Post the name of your motherboard here if you like and we will check it out.


----------



## Coolcat12 (Nov 20, 2006)

I got the ASUS M2N-E Socket AM2 NVIDIA nForce 570 Ultra MCP ATX AMD Motherboard , if that was what you were asking for.


----------



## Houndog777 (May 17, 2007)

Hi, if your bios is older than 0602, then you should update it, otherwise it will not recognise the processor.
(The most recent bios is 0802).
Using Asus Update is the easiest way and both that and the latest bios are available to download from here....
http://support.asus.com/download/download.aspx?SLanguage=en-us

You can find out which bios revision you have by by going to Start> All Programs> Accessories> System Tools> System Information
There, at System Summary you will see an entry like this:
bios version/date 0602 02/05/2007


----------



## Coolcat12 (Nov 20, 2006)

It says 0502 12/4/2006. So I'm guessing I should update. i also checked my bios and it also says unknown model. What am I suppose to download on that website? (I'm new to updating bios, dont know much about it)


----------



## Houndog777 (May 17, 2007)

Hi,
Please only do this if you are confident.
go to the site and you will see some drop-down boxes.

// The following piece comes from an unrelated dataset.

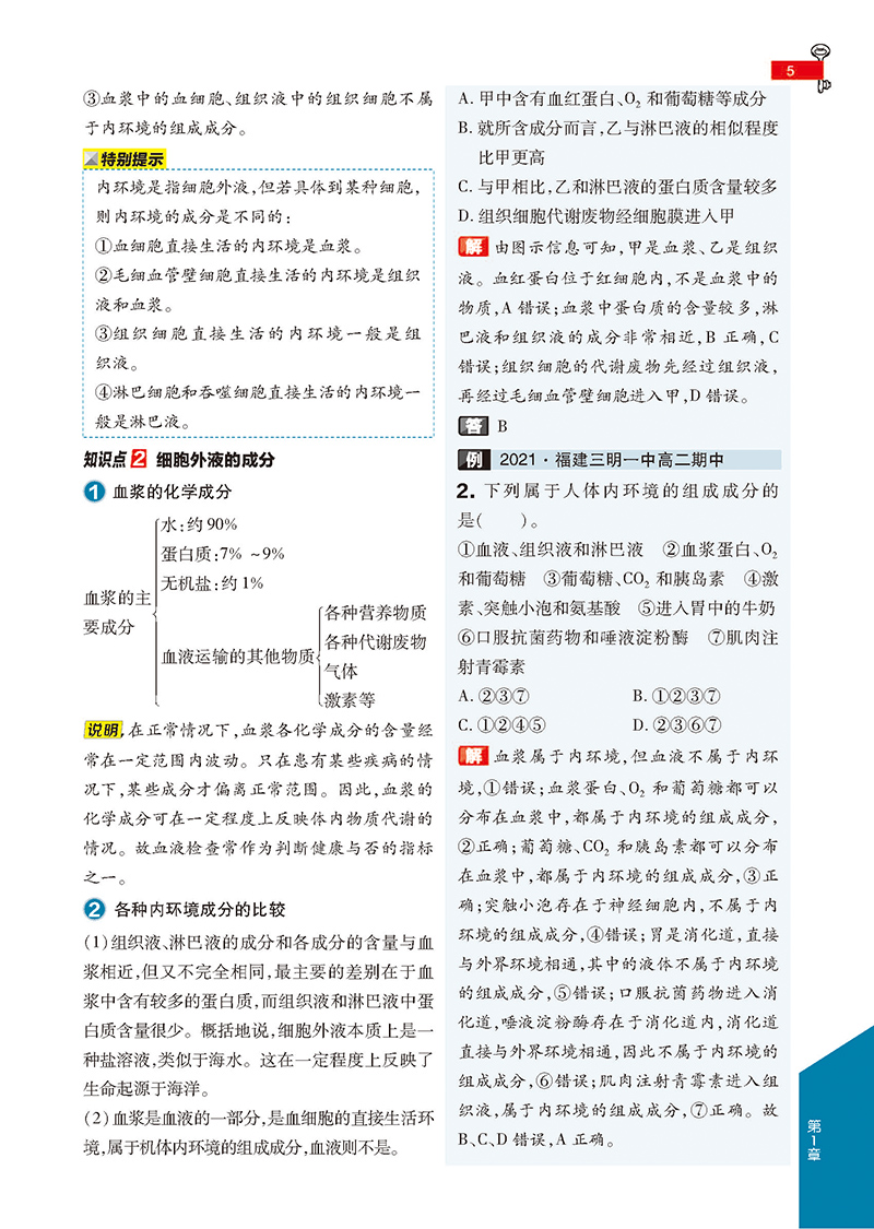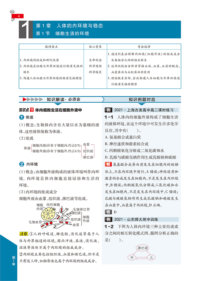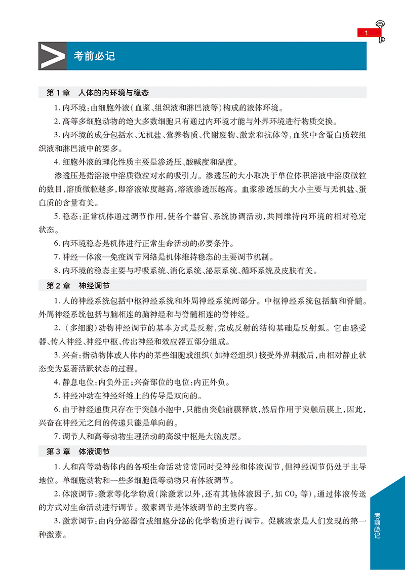 王后雄学案教材完全解读 高中生物3选择性必修1稳态与调节 人教版

Choose:=
Motherboard
Socket AM2
M2N-E
Now click search.
You then have a list of downloads. Download and save the latest BIOS file.
Remember where you saved it to.
Next, choose Utilities from the download categories and download/save Asus Update. Unzip it and the bios file.
Install Asus Update and Run the program.
It will give you options on how you wish to update your bios.
Choose to update from file, and it will ask where the file is.
Point to the bios folder you have just unzipped and then follow the instructions, which are quick and easy.
If in any doubt about any part of this, stop and post a question to us, or have someone more comfortable with bios stuff to do it for you.


----------



## Houndog777 (May 17, 2007)

Are you confident enough?

Once updated and rebooted, press F2 or Delete or whatever you press to enter the bios setup and load the bios defaults.
Only make changes for essentials you've added yourself like usb keybd e.g.
Save & exit.
Next step is to update all your drivers. LOL


----------



## Coolcat12 (Nov 20, 2006)

I downloaded 0802 and then went under utilities and dont see Asus Update anywhere. I am, what would happen if something goes wrong? :x


----------



## Houndog777 (May 17, 2007)

Hi, choosing the utilities tab from the top bar it's the third one down:
Version 7.08.01


----------



## Houndog777 (May 17, 2007)

Hi, the only thing that can go wrong is you have the wrong bios for your motherboard.
So as long as you are 100% sure you have an Asus M2N-E , then all will be ok.


----------



## Coolcat12 (Nov 20, 2006)

Ok. I'll post a picture to be sure.


----------



## Houndog777 (May 17, 2007)

It does that a lot, apparently very busy. Sometimes it takes hours for them to get their act together.
Are you nervous?


----------



## Houndog777 (May 17, 2007)

Post a picture of what?


----------



## Coolcat12 (Nov 20, 2006)

To be sure, do the picture look good on what I'm downloading?


----------



## Houndog777 (May 17, 2007)

Yes ,that's it.


----------



## Coolcat12 (Nov 20, 2006)

Ok so after I'm done with this you said I have to update all my other drivers, these would include which ones exactly?


----------



## Houndog777 (May 17, 2007)

I was only joking.
Follow the instructions of the Asus Update exactly and Remember to enter the bios setup to load defaults when your pc restarts after updating.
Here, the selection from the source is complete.